Die zweite Richtlinie (ABlEU L 2025/1) regelt die Bedingungen für die Sanierung und Abwicklung von Versicherungs- und Rückversicherungsunternehmen. Diese Richtlinie sieht in Art. 66 Abs. 1 Verschwiegenheitspflichten für sämtliche Beteiligten vor, darunter auch den Abschlussprüfer (Art. 66 Abs. 1 Buchst. f). Art. 66 Abs. 2 stellt darüber hinaus sicher, dass der Abschlussprüfer ihm von der Aufsichts- oder Abwicklungsbehörde übermittelte vertrauliche Informationen nicht an andere Personen oder Behörden weitergibt. Ausnahmen davon sind etwa dann vorgesehen,

–              wenn die Offenlegung in Ausübung der jeweiligen Tätigkeiten nach dieser Richtlinie erfolgt (Abs. 2 Unterabs. 1 a)
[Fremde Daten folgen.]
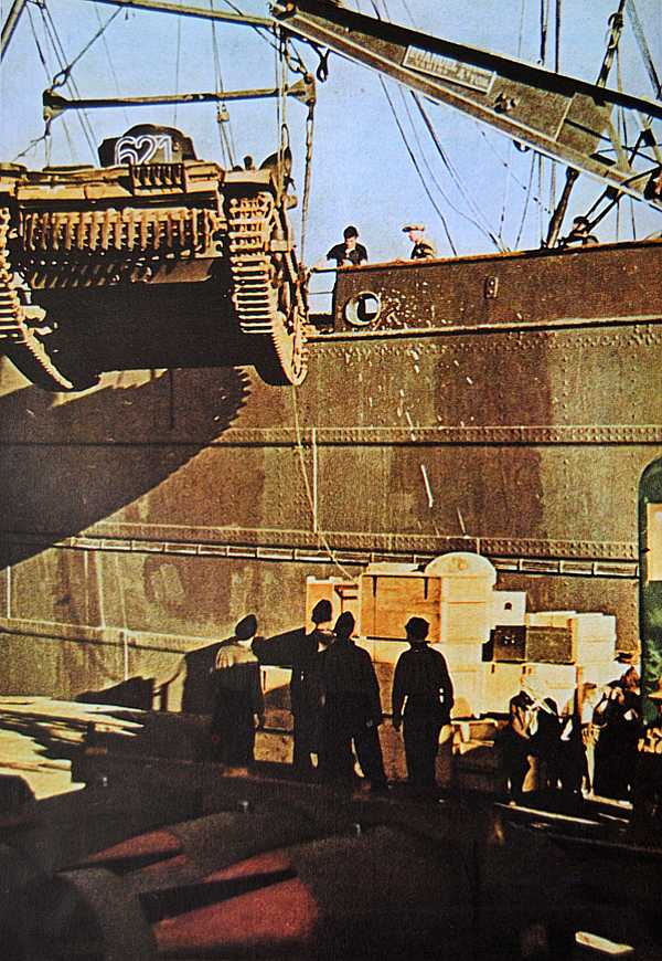 Working parties arranged. German trucks come and men taken out to work. I go to the docks. Heavy job carrying shells and boxes. Germans hurrying everybody to work harder. Our bodies are very brown and a German soldier believes we are a dark race. That we were from Australia supported his belief. One man rolled his shorts down to show that we were white.

–              oder in zusammengefasster/kollektiver Form geschieht, die einzelne Versicherungs- oder Rückversicherungsunternehmen nicht erkennen lassen (Abs. 2 Unterabs. 1 b)

–              oder wenn die Behörde bzw. das Unternehmen vorher zugestimmt haben (Abs. 2 Unterabs. 1 c).
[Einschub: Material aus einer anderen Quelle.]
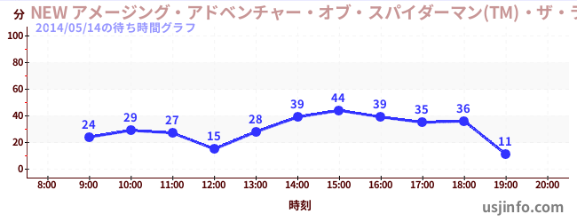 • NEW アメージング・アドベンチャー・オブ・スパイダーマン(TM)・ザ・ライド 4K3D$B$N(B2014年05月14日の待ち時間

Für Verstöße sollen die Mitgliedstaaten zivilrechtliche Haftungsregelungen vorsehen (Abs. 2 Unterabs. 4). Nach dem Verständnis der WPK sind die Regelungen als Spezialregelungen zu Art. 23 EU-Abschlussprüferrichtlinie (Verschwiegenheitspflicht und Berufsgeheimnis) sowie Art. 7 und 12 der EU-Abschlussprüferverordnung (Meldepflichten an Behörden) zu verstehen. Sie sollen die Kommunikation zwischen den in die Beaufsichtigung der Versicherungsbranche eingebundenen Behörden, Ministerien, anderen Stellen aus nationaler wie EU-Ebene als auch dem Abschlussprüfer sicherstellen (so auch Art. 66 Abs. 4). Der Abschlussprüfer ist zwar bereits nach den Art. 7 und 12 AP-VO dazu verpflichtet, über Unregelmäßigkeiten und weitere bestimmte Sachverhalte zu berichten. Nach dem Verständnis der WPK soll die Kommunikation nach den vorgesehenen Änderungen der Solvabilität II-Richtlinie aber wohl weitgehender sein, etwa die Berichterstattung über allgemeine Branchenrisiken.